Comparison of Two Dimension Spatial Interaction Zones between Normal Vision and Anisometropic Amblyopia

Visual acuity of anisometropic amblyopes is often simulated in visually normal individuals by imposing blur on their foveal vision. However, their peripheral visual acuity and whether the same method can simulate their peripheral vision are unknown. We examined: acuity and shape of spatial interaction zones at the fovea and in the periphery, in normal participants and anisometropic amblyopes; and the effect of imposed blur on acuity at different eccentricities in normal participants to compare with the amblyopic periphery. Acuity was measured with Method of Constant Stimuli using Sheridan-Gardiner letters in 6 normal and 6 amblyopic participants.
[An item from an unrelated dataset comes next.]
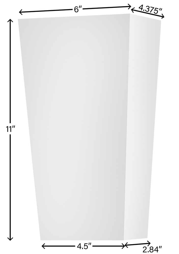 Cruz catches the eye with its modern, sleek design and trapezoidal silhouette. Available in Black and Textured White finish options, Cruz emits a beautiful wall wash illumination through the etched glass to enhance modern façades. Mounting versatility allows individuals to display either the small or large side up or down. LED bulb is included.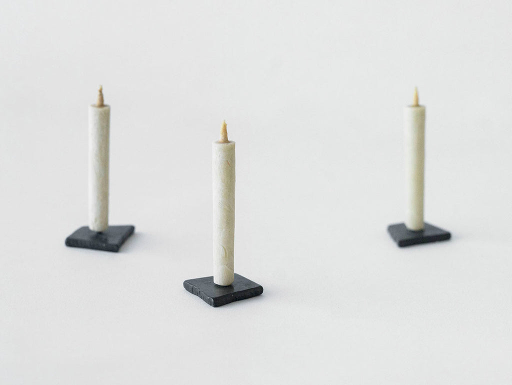 These Japanese candle wicks are hollow - made from Washi paper, rush weeds and silk fibres. This technique creates a larger, yet softer, flame than traditional western-made candles. Almost feather-like in its gentleness, the flame is the candle for these Japanese craftsmen. The flame creates the ambience - and an emotion that is not possible with electric light. There is an exquisite balance in the form of the candle, the shape of the flame and the way it flickers and burns. Use them for quiet moments of reflection or to add a pop of interest to any room..

Crowding was assessed by comparing performance for a letter flanked by other letters placed at horizontal, vertical and oblique orientations. Stimuli were presented foveally and at 2.5, 5 and 10 degrees in the lower visual field. In addition, foveal acuity of 4 normal participants was blurred to match the mean amblyopic acuity using Gaussian and optical defocus. Acuity was then re-measured across the lower visual field. Normal participants showed larger acuity deterioration with increasing eccentricity (E-2 of 2.25 +/- 0.21) than did anisometropic amblyopes (E-2 of 6.02 +/- 1.45). Both groups exhibited asymmetric crowding regions at all locations. Acuity was worse with optical blur compared to with Gaussian blur (significant blur type and eccentricity interaction, F(2.13,6.38)=4.93, p=0.049) but neither was significantly different from the acuity of amblyopes. Anisometropic amblyopia demonstrated similar asymmetric crowding regions to those found in normal vision, i.e. generally larger crowding for arrangements radial to the fixation point. Foveal acuity in anisometropic amblyopia was worse due to increased intrinsic blur relative to normal vision; however, their periphery appeared to be functionally normal.